Verifying the Fix in Spark UI

Once you have applied the configurations, monitor the **Stages** tab in the Spark Web UI. Check the "Shuffle Read Size / Records" column for the stage where the OOM occurred. If your fix worked, you should see the maximum partition size significantly reduced. For example, instead of one task reading 4GB and others reading 10MB, you should see a more uniform distribution where most tasks read around 100MB-200MB.

Check the **SQL** tab and click on the specific query execution plan. Look for a node labeled `AdaptiveSparkPlan`. If AQE is working correctly, you will see a sub-section titled `AQE Persistence`, showing that partitions were coalesced. You should also verify that the "Max Memory Used" metric for your executors stays well below the 80% threshold of your allocated JVM heap.

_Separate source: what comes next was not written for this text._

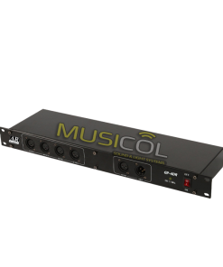 מפצל, מגבר לתקשורת DMX512. המפצל שמגיע עם כניסת DMX ו -4 יציאות DMX ופועל כמפצל ומגבר להגברת אות שידור DMX באמצעות ספק כוח המופעל ע”י שנאי . כניסה ויציאות במחבר 3 פין XLR. מתאים לשימוש פנימי וניתן להתקנה בארון תקשורת “19. פועל על חשמל 220V, מידות 530*180*100 מ”מ ושוקל 1.8 ק”ג

If the memory usage still spikes to 95%+, you may need to reduce spark.memory.fraction to allow more space for user objects versus shuffle data.

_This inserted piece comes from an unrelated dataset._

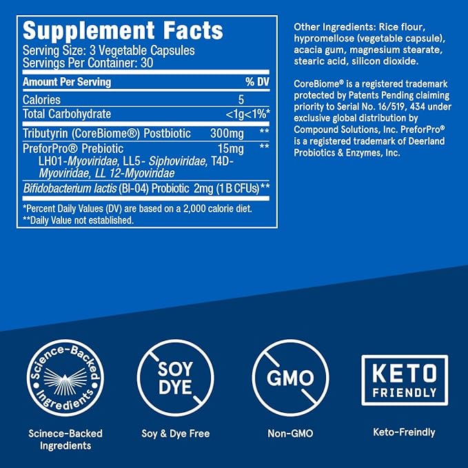 - Delivers a science-backed postbiotic for rapid gut support, plus a synergistic blend of probiotics and prebiotics to promote healthy digestion and a thriving microbiome

Prevention and Best Practices

To prevent OOM errors in the future, adopt a proactive approach to resource allocation. Always calculate your partition count based on the formula: Shuffle Partitions = (Target Data Size) / (Target Partition Size). If you expect 500GB of shuffle data, and you want 200MB partitions, set your shuffle partitions to 2,500. This ensures that even without AQE, the baseline workload is distributed enough to fit in standard executor memory profiles.

Additionally, avoid using repartition() unless absolutely necessary before a write. While repartition() can fix skew, it triggers a full shuffle itself. If you only need to reduce the number of partitions for a small file problem, use coalesce() instead, as it avoids a full shuffle by merging existing partitions. When I implemented this for a 50TB pipeline, we reduced the cluster cost by 30% simply by switching from static partitioning to AQE with a high minPartitions floor.

📌 Key Takeaways:

Enable AQE (Adaptive Query Execution) for dynamic partition management.
Set spark.sql.shuffle.partitions much higher than the default 200.
Use Salting to break up skewed keys that cause single-executor crashes.
Monitor the Spark UI to ensure shuffle blocks are within the 100MB-200MB range.

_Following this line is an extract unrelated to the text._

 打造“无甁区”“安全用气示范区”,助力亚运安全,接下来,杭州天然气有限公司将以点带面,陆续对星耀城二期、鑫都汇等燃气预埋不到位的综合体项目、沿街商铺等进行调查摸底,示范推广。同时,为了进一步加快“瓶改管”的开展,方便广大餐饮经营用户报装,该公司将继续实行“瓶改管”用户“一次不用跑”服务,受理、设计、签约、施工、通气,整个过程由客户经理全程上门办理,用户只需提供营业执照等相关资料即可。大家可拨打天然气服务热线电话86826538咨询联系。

Frequently Asked Questions

Q. Why does Spark run out of memory during a join?

A. This usually happens because of data skew or insufficient shuffle partitions. When Spark performs a join, it moves all records with the same key to a single partition on one executor. If that key is over-represented, the partition grows too large for the executor's heap memory, causing an OOM crash.

Q. How many shuffle partitions should I use in Spark?

A. A good rule of thumb is to aim for partition sizes between 128MB and 200MB. For most production workloads, set `spark.sql.shuffle.partitions` to at least 2 to 4 times the number of CPU cores available in your cluster to maximize parallelism and prevent memory bottlenecks.

Q. What is the difference between repartition and coalesce?

A. Repartition creates new partitions and performs a full shuffle, which is expensive but results in evenly sized partitions. Coalesce decreases the number of partitions without a full shuffle by merging existing ones, making it much faster but potentially leading to uneven partition sizes if used aggressively.